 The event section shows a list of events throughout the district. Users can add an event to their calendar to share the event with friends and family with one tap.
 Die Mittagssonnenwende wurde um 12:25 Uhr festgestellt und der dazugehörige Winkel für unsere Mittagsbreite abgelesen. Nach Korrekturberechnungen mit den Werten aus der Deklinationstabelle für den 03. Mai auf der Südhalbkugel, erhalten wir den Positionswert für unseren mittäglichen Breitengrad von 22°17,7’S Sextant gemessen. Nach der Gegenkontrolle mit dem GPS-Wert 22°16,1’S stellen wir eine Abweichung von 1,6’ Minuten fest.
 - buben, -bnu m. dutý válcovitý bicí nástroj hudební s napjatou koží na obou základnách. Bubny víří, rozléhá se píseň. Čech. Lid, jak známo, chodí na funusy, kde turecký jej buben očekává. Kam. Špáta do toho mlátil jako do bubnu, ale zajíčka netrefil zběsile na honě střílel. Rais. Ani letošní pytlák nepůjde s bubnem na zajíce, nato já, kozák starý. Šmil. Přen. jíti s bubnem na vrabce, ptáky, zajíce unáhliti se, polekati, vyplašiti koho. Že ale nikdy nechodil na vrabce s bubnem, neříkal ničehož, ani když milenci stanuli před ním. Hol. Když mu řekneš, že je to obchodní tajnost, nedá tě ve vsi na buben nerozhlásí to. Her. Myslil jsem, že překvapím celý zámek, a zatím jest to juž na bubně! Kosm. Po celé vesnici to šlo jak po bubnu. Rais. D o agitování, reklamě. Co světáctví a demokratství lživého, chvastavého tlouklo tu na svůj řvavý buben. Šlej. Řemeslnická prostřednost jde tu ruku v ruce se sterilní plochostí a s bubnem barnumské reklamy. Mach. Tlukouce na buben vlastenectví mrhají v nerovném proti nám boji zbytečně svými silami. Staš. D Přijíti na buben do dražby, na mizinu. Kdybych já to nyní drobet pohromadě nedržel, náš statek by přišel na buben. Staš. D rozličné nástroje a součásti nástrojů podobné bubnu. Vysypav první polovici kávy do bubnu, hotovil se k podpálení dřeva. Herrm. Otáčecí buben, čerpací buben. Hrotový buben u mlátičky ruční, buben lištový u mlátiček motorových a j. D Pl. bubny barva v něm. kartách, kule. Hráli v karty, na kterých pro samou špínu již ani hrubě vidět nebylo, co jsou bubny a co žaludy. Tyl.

+++

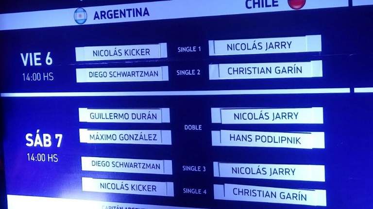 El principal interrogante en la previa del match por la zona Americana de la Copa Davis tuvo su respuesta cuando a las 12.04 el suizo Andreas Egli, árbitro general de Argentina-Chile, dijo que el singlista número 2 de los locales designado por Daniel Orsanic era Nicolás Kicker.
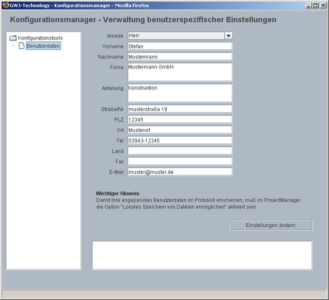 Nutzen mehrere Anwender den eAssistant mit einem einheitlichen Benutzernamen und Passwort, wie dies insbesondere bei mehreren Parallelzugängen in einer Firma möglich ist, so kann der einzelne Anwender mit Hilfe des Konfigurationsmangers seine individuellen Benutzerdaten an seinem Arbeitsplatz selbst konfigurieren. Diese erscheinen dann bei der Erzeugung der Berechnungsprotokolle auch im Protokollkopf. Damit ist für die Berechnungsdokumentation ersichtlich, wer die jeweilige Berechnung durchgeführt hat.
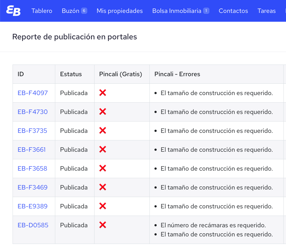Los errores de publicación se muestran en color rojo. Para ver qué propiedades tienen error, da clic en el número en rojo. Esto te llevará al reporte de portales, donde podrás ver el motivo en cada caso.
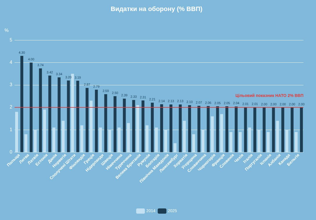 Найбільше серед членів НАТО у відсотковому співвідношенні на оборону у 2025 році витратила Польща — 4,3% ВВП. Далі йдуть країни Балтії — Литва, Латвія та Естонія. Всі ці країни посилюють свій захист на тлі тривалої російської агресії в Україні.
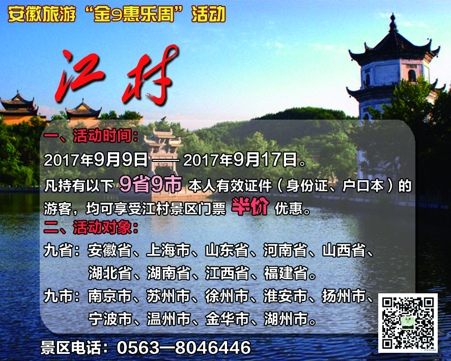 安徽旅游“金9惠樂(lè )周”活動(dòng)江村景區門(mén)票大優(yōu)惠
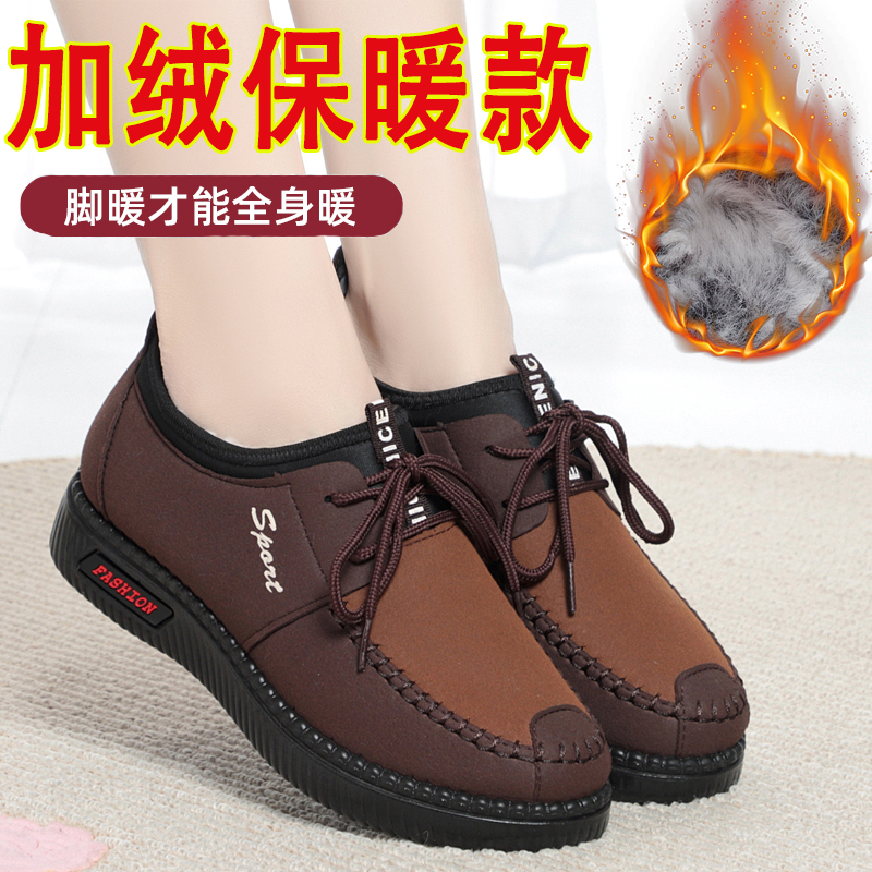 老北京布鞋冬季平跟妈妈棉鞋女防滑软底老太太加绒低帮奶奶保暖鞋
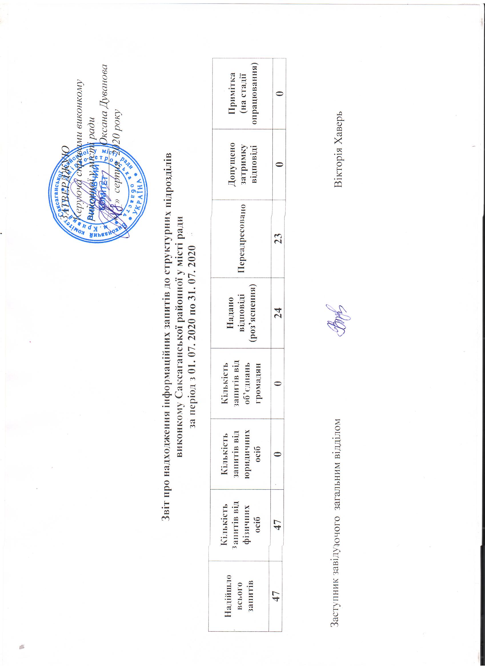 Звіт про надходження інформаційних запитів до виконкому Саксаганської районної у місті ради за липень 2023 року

+++

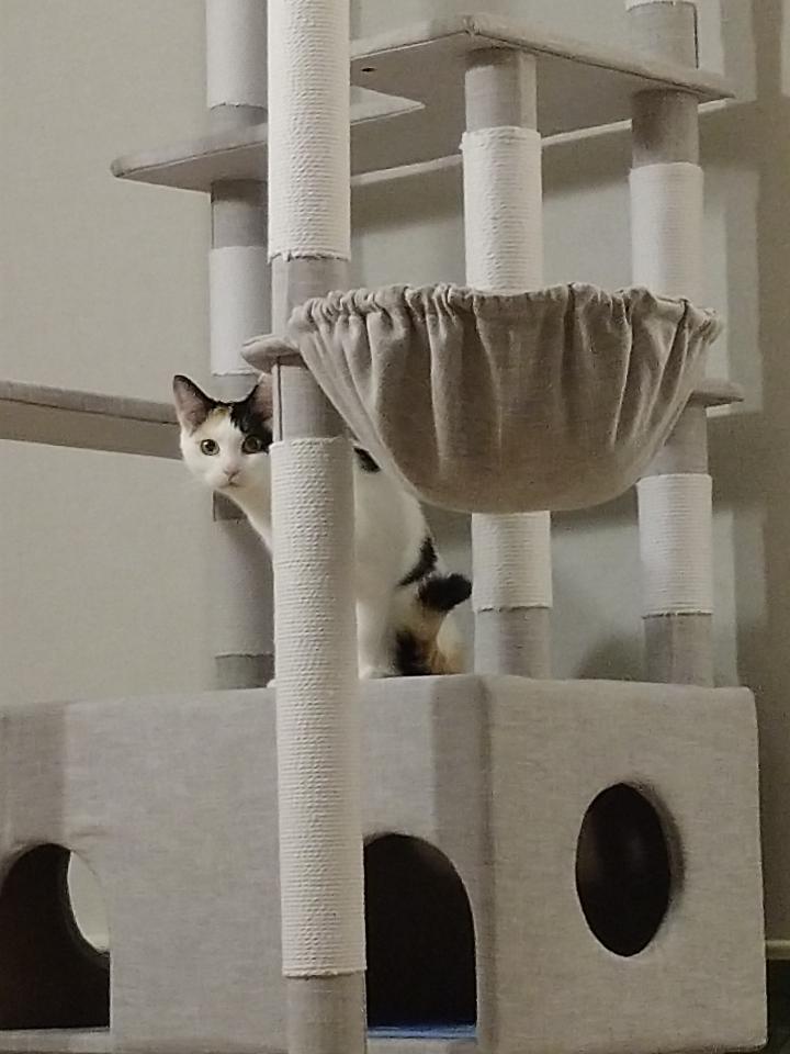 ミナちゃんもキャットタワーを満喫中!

+++

| DIRECTIONS FOR THIS TASK |
All that should appear in the answer is the lines above from the line with "El principal interrogante" through the line with "Los errores de", retyped exactly, pictures left out.

| EXERCISE SOLUTION |
 El principal interrogante en la previa del match por la zona Americana de la Copa Davis tuvo su respuesta cuando a las 12.04 el suizo Andreas Egli, árbitro general de Argentina-Chile, dijo que el singlista número 2 de los locales designado por Daniel Orsanic era Nicolás Kicker.
 Nutzen mehrere Anwender den eAssistant mit einem einheitlichen Benutzernamen und Passwort, wie dies insbesondere bei mehreren Parallelzugängen in einer Firma möglich ist, so kann der einzelne Anwender mit Hilfe des Konfigurationsmangers seine individuellen Benutzerdaten an seinem Arbeitsplatz selbst konfigurieren. Diese erscheinen dann bei der Erzeugung der Berechnungsprotokolle auch im Protokollkopf. Damit ist für die Berechnungsdokumentation ersichtlich, wer die jeweilige Berechnung durchgeführt hat.
Los errores de publicación se muestran en color rojo. Para ver qué propiedades tienen error, da clic en el número en rojo. Esto te llevará al reporte de portales, donde podrás ver el motivo en cada caso.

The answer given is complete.